Senator the Hon Mathias Cormann
Minister for Finance
Deputy Leader of the Government in the Senate
CAMPO: River 94.9 Marnie and Campo for Breakfast. Marns is on maternity leave. My special guest co-host is Jess Hogan from The Block and Reno Rumble. Mathias Cormann joins us now. Budget handed down last night. Good morning Mathias.
MATHIAS CORMANN: Good morning.
CAMPO: The Minister for Finance, I dare say you’ve not slept for at least the last 48 hours.

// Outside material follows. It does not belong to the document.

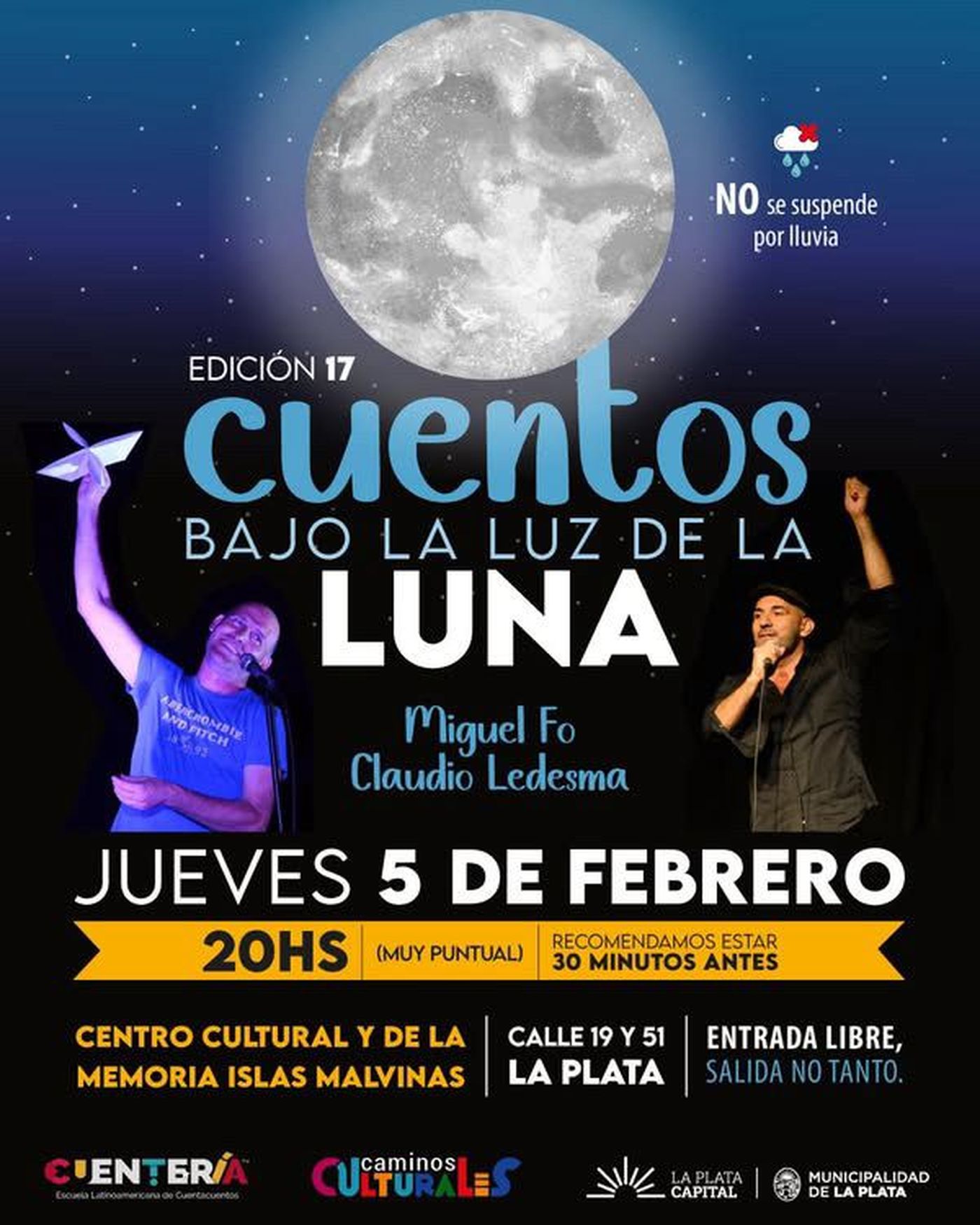El jueves comienzan los primeros festejos por los carnavales en la ciudad, y habrá celebraciones en Lisandro Olmos y El Peligro. El viernes será en Abasto, el sábado, en Melchor Romero, y cerrarán el domingo en Tolosa. También habrá cine móvil en Tolosa, Meridiano V, y otra edición de Cuentos bajo la luz de la luna en el Centro Cultural Islas Malvinas.

MATHIAS CORMANN: Not much.
CAMPO: Hands down, who’s the biggest winners and who’s the biggest losers out of this Budget?
MATHIAS CORMANN: Our focus is on making sure that Australia overall is the biggest winner. What we delivered last night is our plan for jobs and growth and our plan to ensure that as we continue to face global economic headwinds and as we continue to transition from resources investment driven growth to broader drivers of growth in a more diversified economy that we continue to do that successfully. That is very important for all Australians wanting to get ahead.
CAMPO: There are a few tax cuts and there is a windfall for businesses as well.
MATHIAS CORMANN: We have targeted tax cuts to ensure that people on average full time wages are not moving into the second highest tax bracket for the next three years. So we’ve lifted that tax bracket from $80,000 to $87,000, which means that those people, instead of paying 37 per cent tax will pay 32.5 per cent tax, which we hope will encourage people to work more and earn more without being hit by more tax. On the corporate tax front, we have announced a 10 year enterprise tax plan, which will bring down the company tax rate over the next decade to about 25 per cent. That will help us attract more investment, it will help us improve productivity, it will help us create more jobs and over time it will help us increase real wages and living standards and that is very much what our economy needs. We need a more competitive tax rate, we need to get back into the middle of the pack of countries around the world.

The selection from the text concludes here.